Based on the foregoing, the question is: How will DTSA help a party attempting to prosecute a misappropriation of trade secrets claim against, for example, a former employee? Obviously, the full picture has yet to be seen, but for starters, DTSA will open the door to federal court for claims involving misappropriation of trade secrets, through what is known as federal question jurisdiction.
By way of background, there are two primary ways to establish federal jurisdiction, a necessary condition precedent to filing a lawsuit in federal court, as opposed to state court: (i) diversity jurisdiction; and (ii) federal question jurisdiction. Prior to DTSA, most misappropriation of trade secrets lawsuits could be filed in federal court only through diversity jurisdiction (i.e., where a plaintiff and defendant are citizens of different states and the amount in controversy exceeded $75,000). For example, if a plaintiff is a Delaware corporation with a principal place of business in Pennsylvania, it is a citizen of both Pennsylvania and Delaware. If the defendant it seeks to sue also resides in either Pennsylvania or Delaware, the plaintiff cannot establish diversity jurisdiction, and claims such as a claim under UTSA must be filed in state court.
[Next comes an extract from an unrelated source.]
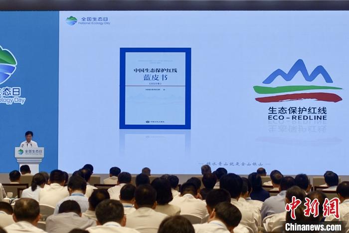 8月15日,首個(gè)全國生態(tài)日主場活動(dòng)在浙江湖州舉行,中國國家發(fā)改委、中國自然資源部等部門發(fā)布碳達(dá)峰碳中和重大宣示三周年重要成果、《中國生態(tài)保護(hù)紅線藍(lán)皮書(2023年)》等多方面的成果成效。圖為《中國生態(tài)保護(hù)紅線藍(lán)皮書(2023年)》發(fā)布。 中新社記者 錢晨菲 攝

Diversity is not required, however, where a party is filing suit under a federal statute, such as DTSA because a claim under a federal statute provides federal question jurisdiction. Further, once a party has a claim under a federal statute, it typically can include additional state law claims, such as a claim under UTSA, without losing federal jurisdiction over the case. Moreover, federal question jurisdiction does not have an amount in controversy requirement.
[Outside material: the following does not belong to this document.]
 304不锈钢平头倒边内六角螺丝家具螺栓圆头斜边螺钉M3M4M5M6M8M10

In light of the foregoing, DTSA will likely be a new useful forum selection tool in trade secrets litigation because it will provide access to the various benefits of federal court litigation. The benefits of pursuing claims in federal court as opposed to state court can vary from state-to-state, and even among the various courts within a single state. However, at a minimum, federal courts offer nationally uniform procedures and rules, as well as a generally high-level judiciary that is often very familiar with trade secrets litigation. So, for parties looking to protect their trade secrets, federal court can often remove some of the variables and guess-work encountered across state court jurisdictions. In addition, federal courts are often very familiar with the complex electronic discovery necessary to prosecute a modern trade secrets claim. Thus, federal court is frequently the forum of choice for parties seeking to enforce trade secrets protections. Finally, conducting multistate discovery is easier in federal court. Now, based on DTSA, passing the threshold issue of federal jurisdiction should be much easier.
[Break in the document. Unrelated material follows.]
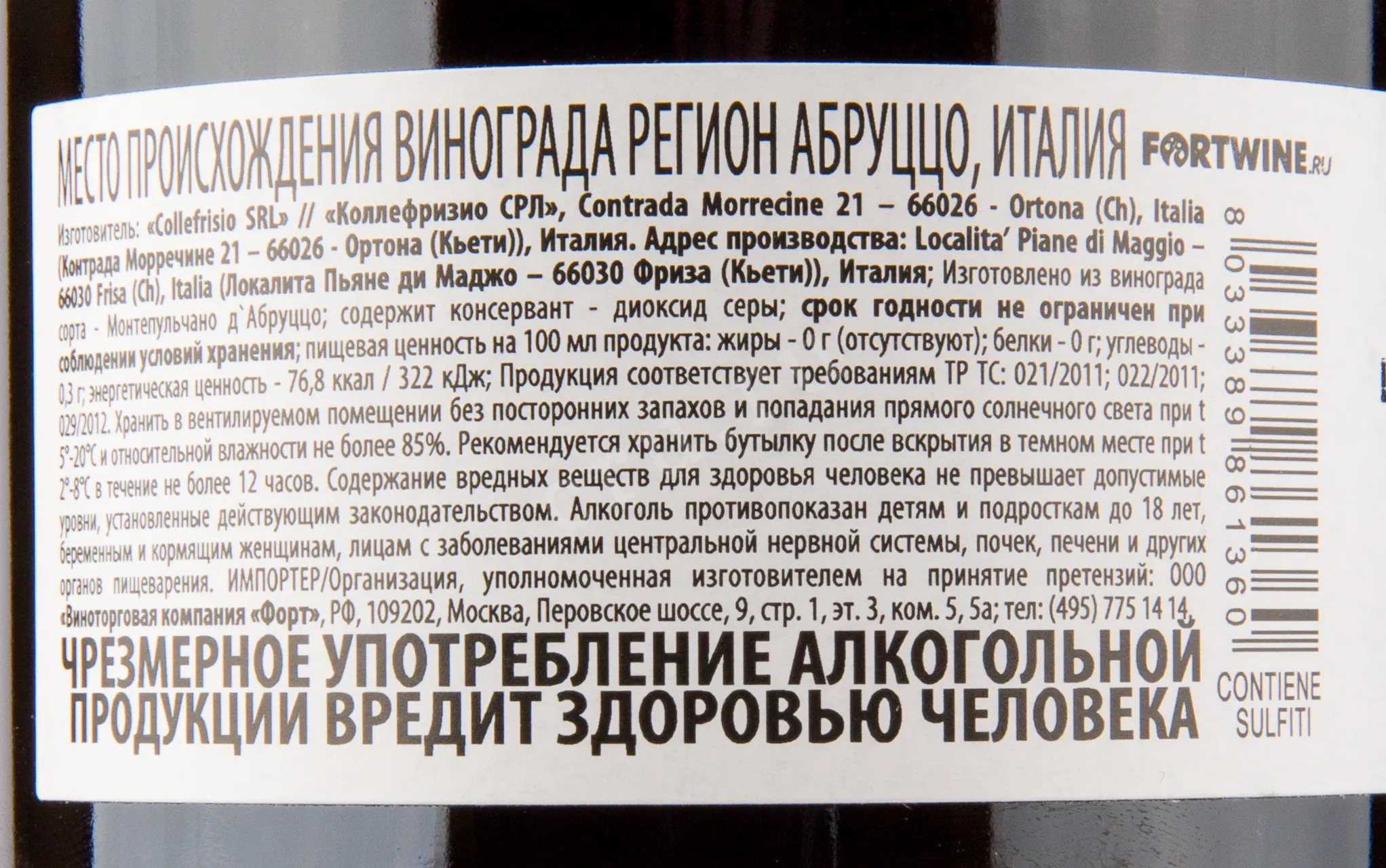 Вино Collefrisio Montepulciano d'Abruzzo DOC 0.75 л — красное сухое органическое итальянское вино. Сбор урожая осуществляется в середине октября. Мацерация на мезге длится 15-20 дней. Ферментация производится в терморегулируемых резервуарах из нержавеющей стали.

One interesting possibility resulting from the passage of DTSA is the potential effect on bringing claims under the Computer Fraud and Abuse Act ("CFAA"). Plaintiffs that prefer federal court often bring CFAA claims to establish federal question jurisdiction. These claims are common because the act of trade secret misappropriation often involves taking and/or deleting materials from a protected computer system, which in some (but not all) federal circuits can create liability under the CFAA. The CFAA will no longer be required as a ticket to federal court, although it should be mentioned that the CFAA brings advantages other than federal question jurisdiction, such as the ability to obtain relief without showing the existence of a trade secret. So will some plaintiffs no longer bring CFAA claims?